Die Behörde für Arbeit, Soziales, Familie und Integration (BASFI) hat sich mit den Kita-Verbänden darauf verständigt, den Fachkraftschlüssel in vier gleichen Schritten auf 1:4 zu verbessern und damit bereits im kommenden Jahr zu beginnen. Jeweils zum 1. Januar der Jahre 2018 bis 2021 werden zusätzlich jeweils gut 500 Fachkräfte neu eingestellt. Um genügend Fachkräfte zu gewinnen, haben die Behörde für Schule und Berufsbildung (BSB) und die BASFI einen umfangreichen Maßnahmenkatalog vereinbart. Ziel ist es, noch mehr junge Menschen für das sozialpädagogische Berufsfeld zu gewinnen und gleichzeitig den hohen Qualitätsstandard in der Ausbildung dieser Fachkräfte zu wahren. Die jetzt beschlossenen Maßnahmen werden ab dem Schuljahr 2017/18 umgesetzt.

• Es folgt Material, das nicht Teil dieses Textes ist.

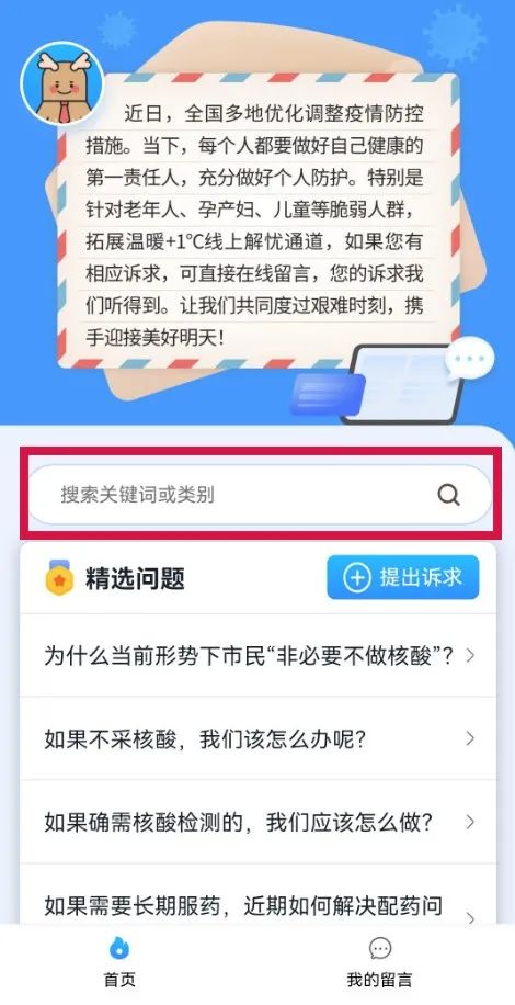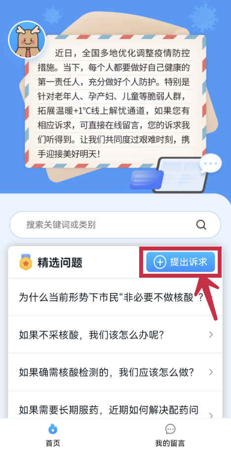 “提出诉求”栏目

Die Umsetzung der ursprünglich mit den Kita-Verbänden vereinbarten Verbesserung des Fachkraftschlüssels im Krippenbereich auf 1:4 zum 1. August 2019 würde zu diesem Stichtag mehr als 2.000 zusätzliche Fachkräfte erfordern. Die Arbeitsgemeinschaft der Freien Wohlfahrtspflege Hamburg (AGFW) ist deshalb an die BASFI mit dem Wunsch herangetreten, die Qualitätsverbesserung schrittweise zu realisieren. Darauf haben sich die BASFI und die Kita-Verbände nun verständigt. Jeweils zum 1. Januar der Jahre 2018 bis 2021 werden zusätzlich jeweils gut 500 Fachkräfte neu eingestellt. Für die Eltern bedeutet diese stufenweise Umsetzung, dass ihre Kinder früher von der Qualitätsverbesserung profitieren. Der Bedarf an pädagogischen Fachkräften wird dadurch entzerrt und an die künftigen Ausbildungsabsolventenzahlen angepasst.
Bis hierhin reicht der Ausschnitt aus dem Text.